Following the convention of Machine Learning, I will call X Features, instead of Independent Variable; and Y Labels or Targets instead of Dependent Variable throughout this series.
The Limitation of Traditional Machine Learning Paradigm
Now, in order to illustrate the mechanism of Machine Learning, let’s contrast it with the traditional algorithm paradigm. In the traditional algorithm paradigm, programmers explicitly pre-determine rules that map the input data into the answer. Naturally, in the workflow of the traditional algorithm paradigm, the rules come first. Overall, you have to have a good idea about the rules in advance. It is an intuitive approach.
The figure below illustrates this notion.
Now, here is a question. How can you set rules to detect the cat in the picture below?
In the traditional algorithm paradigm, you have to explicitly hand engineer appropriate rules in order to capture details such as eyes, ears, mouth, and so on. As the complexity of tasks increases, it would become progressively more difficult, or even impossible, to predetermine the rules.
Such a limitation of the traditional algorithm paradigm set the stage for the emergence of Machine Learning Paradigm.
Then, what is Machine Learning Paradigm? How does it address the limitation of the traditional algorithm paradigm? Machine Learning Paradigm
Here, for the sake of simplicity, we focus only on Supervised Machine Learning, where we have actual labels in the dataset.
The next figure contrasts the fundamental difference between the traditional algorithm paradigm and Supervised Machine Learning Paradigm.
As you see at the bottom: in contrast to the traditional paradigm, Supervised Machine Learning has rules at the end; and the answers at the beginning. Its logic is totally opposite to the traditional logic.
The underlying idea here is that: “the sample dataset” supervises the machine to discover “the rules that map the Features into the given Labels.”
Thus, the name ‘Supervised’ comes from this notion that “a labelled dataset” supervises the machine.

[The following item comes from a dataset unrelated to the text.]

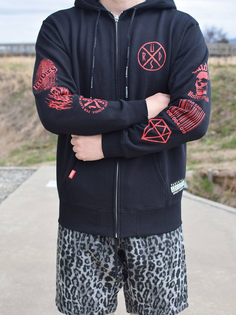 CONFUSEシリーズにジップアップパーカが登場。フロント・バック・両袖にプリントを施し、オリジナルスピンドルが付属。グラフィックが印象的なアイテムです。

Now, suppose that we do not have actual sample labels in the dataset, there is nothing to supervise the machine.
What shall we do?
In such a case, we have to rely on ‘Unsupervised architecture’. The next figure contrasts between Supervised and Unsupervised architectures of Machine Learning.
Repeatedly, Supervised architectures discover the rules that map the Feature datasets to the Labels. In contrast, Unsupervised architectures, in the absence of the Labels, can only discover the underlying structure among the Feature dataset. Now, let’s take an overview of Machine Learning Family.
Overview of Machine Learning Family Tree
This family tree below organizes a variety of Machine Learning models in a structured way.
The first division separates Conventional Machine Learning Models and Deep Learning base on whether a model is inspired by neuroscience or not. This was already explained earlier.
Then, in the Conventional Machine Learning linage, the second division separates Supervised and Unsupervised architectures based on whether the dataset is labelled or not.
In the Supervised space, the third division separates Regression and Classification based on the datatype of the output: whether continuous or discrete.
In the Unsupervised space, I just put two popular types: clustering and dimension reduction.
Clustering focuses on sorting observations into groups (clusters) based on the similarities and differences among datapoints.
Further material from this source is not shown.